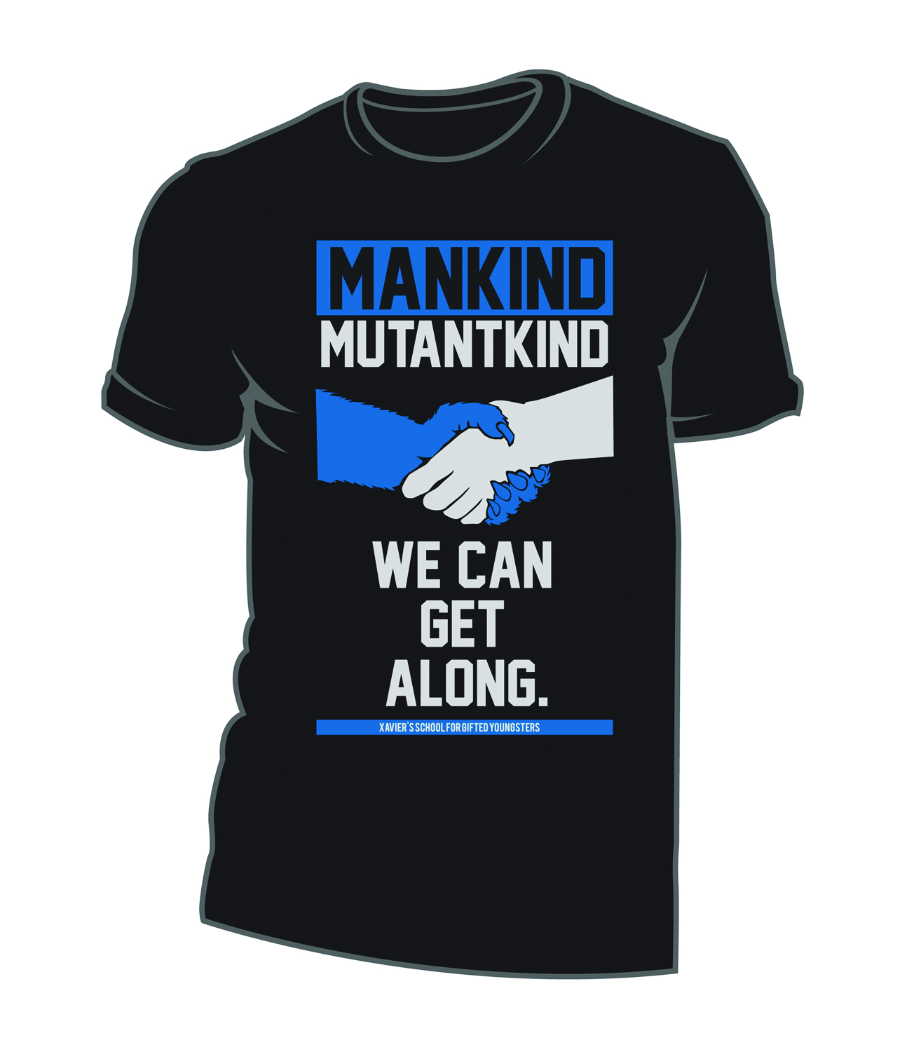 The inclusive message of the X-Men is immortalized on this propaganda-style black t-shirt!
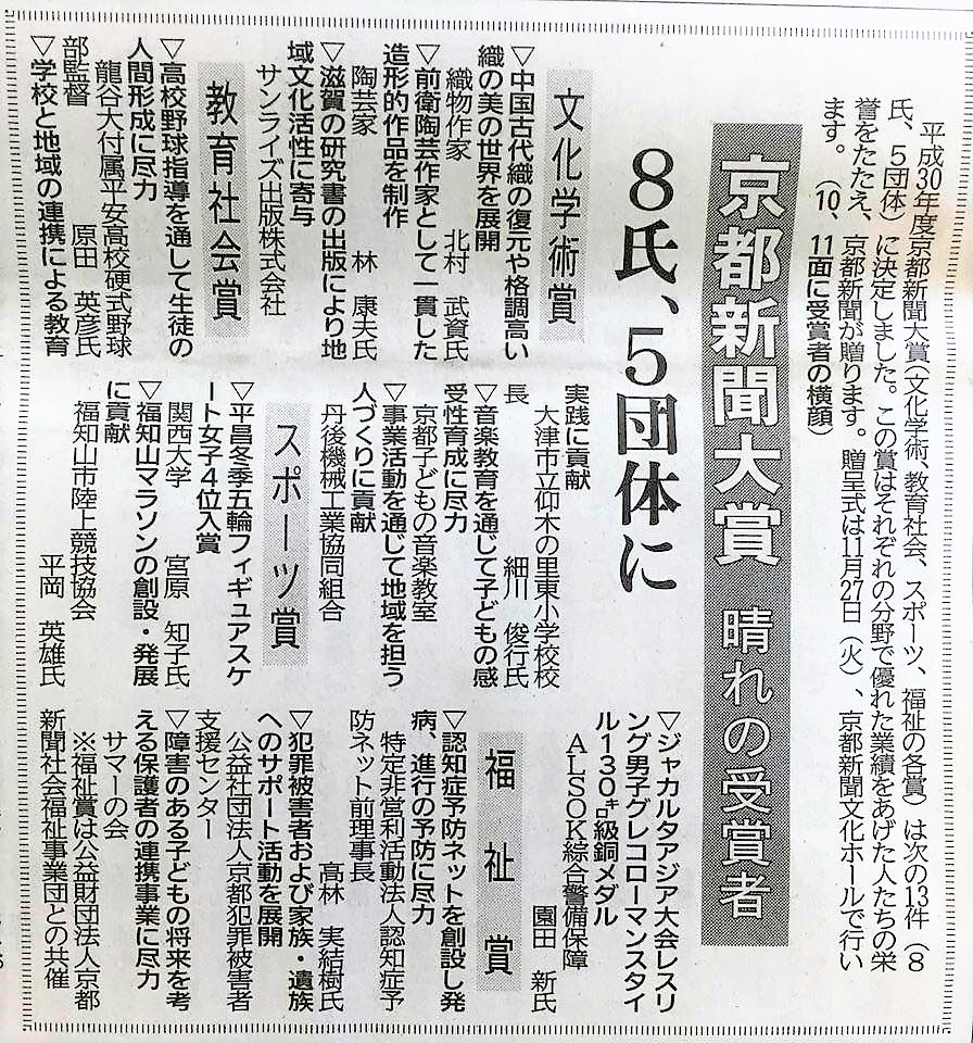 平成30年度京都新聞大賞を受賞しました
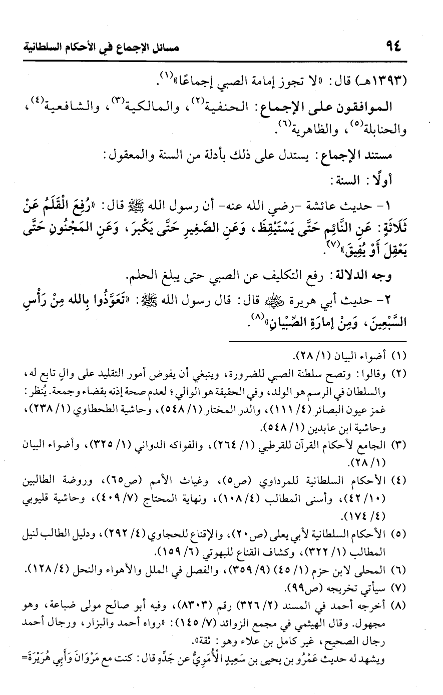 (¬5) الأحكام السلطانية لأبي يعلى (ص 20)، والإقناع للحجاوي (4/ 292)، ودليل الطالب لنيل المطالب (1/ 322)، وكشاف القناع للبهوتي (6/ 159).
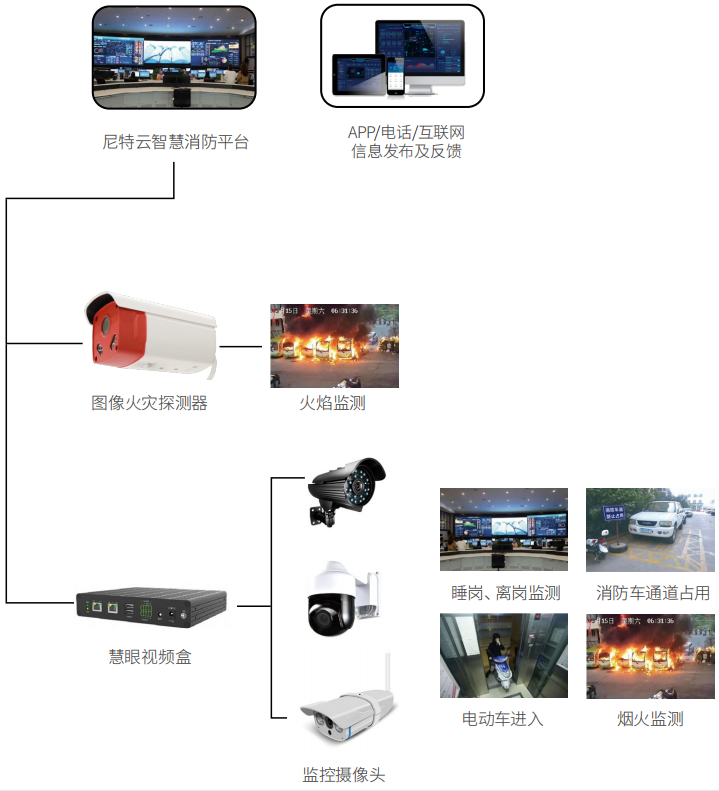 針對(duì)室內(nèi)消防逃生通道、室外消防車道廣泛存在的堵塞和占有的情況,尼特結(jié)合視頻AI技術(shù),對(duì)于國(guó)網(wǎng)供電需要加強(qiáng)火災(zāi)防控的重要部位,以慧眼視頻盒智能監(jiān)管建筑內(nèi)新增或原有的視頻監(jiān)控,發(fā)生火災(zāi)時(shí)聯(lián)動(dòng)展現(xiàn)報(bào)警點(diǎn)視頻,實(shí)現(xiàn)火點(diǎn)檢測(cè)、煙霧識(shí)別、逃生通道物品堵塞、消防通道車輛占用、電動(dòng)車違規(guī)充電或停放、消控室人員在離崗、消控室人員持證上崗等智能監(jiān)測(cè)應(yīng)用,實(shí)現(xiàn)國(guó)網(wǎng)供電的消防一體化管理。

• [TASK STATEMENT]:
The listing above must be printed again exactly, minus its pictures.

• [OUTPUT FOR THIS TASK]:
 The inclusive message of the X-Men is immortalized on this propaganda-style black t-shirt!
 平成30年度京都新聞大賞を受賞しました
 (¬5) الأحكام السلطانية لأبي يعلى (ص 20)، والإقناع للحجاوي (4/ 292)، ودليل الطالب لنيل المطالب (1/ 322)، وكشاف القناع للبهوتي (6/ 159).
 針對(duì)室內(nèi)消防逃生通道、室外消防車道廣泛存在的堵塞和占有的情況,尼特結(jié)合視頻AI技術(shù),對(duì)于國(guó)網(wǎng)供電需要加強(qiáng)火災(zāi)防控的重要部位,以慧眼視頻盒智能監(jiān)管建筑內(nèi)新增或原有的視頻監(jiān)控,發(fā)生火災(zāi)時(shí)聯(lián)動(dòng)展現(xiàn)報(bào)警點(diǎn)視頻,實(shí)現(xiàn)火點(diǎn)檢測(cè)、煙霧識(shí)別、逃生通道物品堵塞、消防通道車輛占用、電動(dòng)車違規(guī)充電或停放、消控室人員在離崗、消控室人員持證上崗等智能監(jiān)測(cè)應(yīng)用,實(shí)現(xiàn)國(guó)網(wǎng)供電的消防一體化管理。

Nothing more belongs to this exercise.